Reviews

Review: Afterglow (Southwark Playhouse)

S Asher Gelman’s bracingly modern three-man play comes to London

Sean Hart and Danny Mahoney in Afterglow
Sean Hart and Danny Mahoney in Afterglow
© Darren Bell

"If you're looking for penis, you've come to the right place". I kid you not, that review pull quote was used on the website for the original New York production of S Asher Gelman's bracingly modern three-man play. As an enticement it clearly worked: the Off-Broadway run was extended repeatedly. As a statement about the show, now receiving its London premiere at the ever-enterprising Southwark Playhouse, it's up-front but accurate: I can't think of any other play within living memory that has featured as much male nudity as this one.

Undoubtedly this will be a selling point to many people but, truthfully, focussing on nudity obscures the fact that Gelman has written a blisteringly honest, commendably non-judgemental examination of gay intimacy, polyamorous relationships and the toll sexual freedom can take on the individuals involved.

Tom O'Brien's engrossing production opens with a pounding club beat and the strobe-lit spectacle of a trio of fit young men going at it hammer and tongs: La Cage aux Folles this is not. Once the action stops and the talking starts, we quickly learn that we're in present day NYC and that theatre director Josh and chemistry graduate student Alex are a married couple soon to receive their first surrogate baby, while younger Darius is a pick-up they've just met online. Instead of leaving it as a one-time hook-up though, the guys forge an ongoing connection and two thirds of this human triangle start to develop feelings for each other that muddy the waters of what was initially intended to be casual, no-strings sex.

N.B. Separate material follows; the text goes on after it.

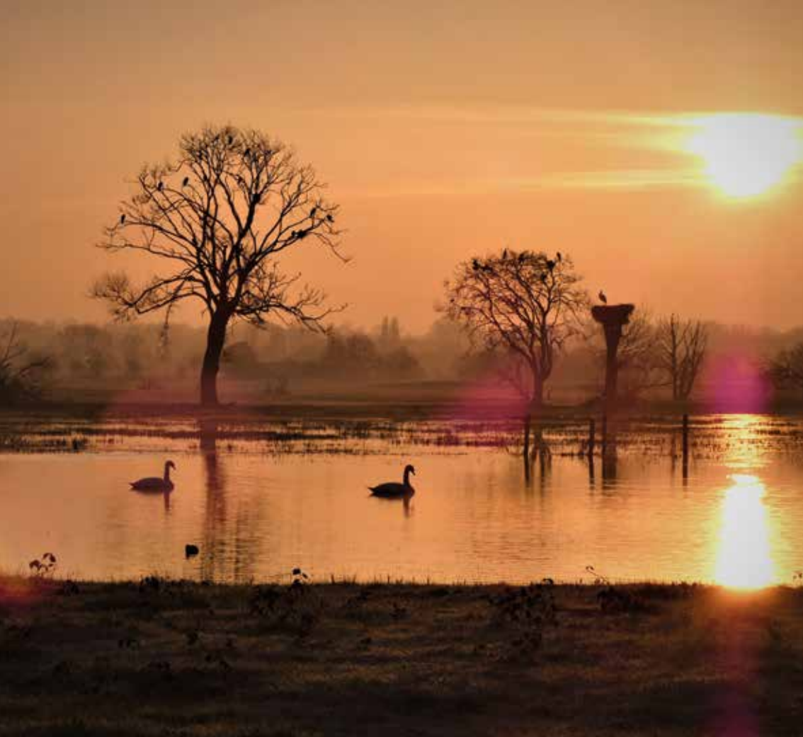
Sunrise on the marshes of Blonville-Villers.

With a surface of 3,500 hectares and a perimeter of 28 km, the Saint-Gatien-des-Bois forest is the largest of the Calvados region. It had many owners throughout the centuries, sometimes belonging to nobles, sometimes broken up and sold to several buyers. Ulrich Güttinger, Swiss writer, found the oasis he was longing for here. He often welcomed the greatest literary figures of his time in his private wooden chalet: Victor and Adèle Hugo, Alfred de Musset, Charles-Augustin Sainte-Beuve, Alexandre Dumas, Gustave Flaubert, Charles Baudelaire... Today, this forest has several private owners, who exploit it for wood production or use it as a hunting domain.

The overriding message of the play would seem to be that just because you can sexually have everything that you want, it doesn't necessarily mean that you should. It also accurately and wittily captures the way that the increasingly dehumanising practise of meeting people using mobile apps and online sites green lights shoddy behaviour and an ever evolving quest for unattainable perfection.

If played by less engaging actors than Sean Hart and Danny Mahoney, Josh and Alex could be pretty infuriating company: both have busy, urbane lives, gym-honed bodies, fulfilling careers, plenty of money, their own Manhattan apartment…and each other. Jesse Fox's Darius, lonely and adrift in the big city and not nearly as streetsmart and emotionally tough as he thinks he is, is a convincing catalyst to challenge their slightly smug status quo.

If Gelman's script sounds a little like superior soap opera writing at times, it's because he has accurately caught the way real people talk to each other. Whether arguing about their career choices, baby name options, or articulating very difficult feelings, almost none of the dialogue rings false here. In all honesty, the nudity does become a little gratuitous after the initial blast and there is a fully clothed reconciliation (of sorts) scene between two of the characters near the conclusion that actually feels far more intimate than the violent, naked copulation at the beginning.

Hart and Mahoney fully convince as a couple, the former puppyish, charming and reckless, with the latter more watchful, cautious and less sexually voracious. Fox touchingly suggests a deep well of longing beneath the surface sass and easy intimacy, his cry of "I need to come first place with somebody" carrying real weight and emotional truth. It's a beautifully acted show.

It's refreshing to see a gay play that doesn't mention HIV or AIDS, nor does it feature characters eaten up with self-loathing and shame. In the sense that it unflinchingly depicts how an apparently rock solid relationship can be put asunder by an unexpected external force, it is surprisingly universal. It would be naive however to suggest that many audience members won't be making the trip to Southwark primarily tempted by the thought of naked flesh. They may just be shocked though by how captivated they are by the absorbing human tragicomedy being played out.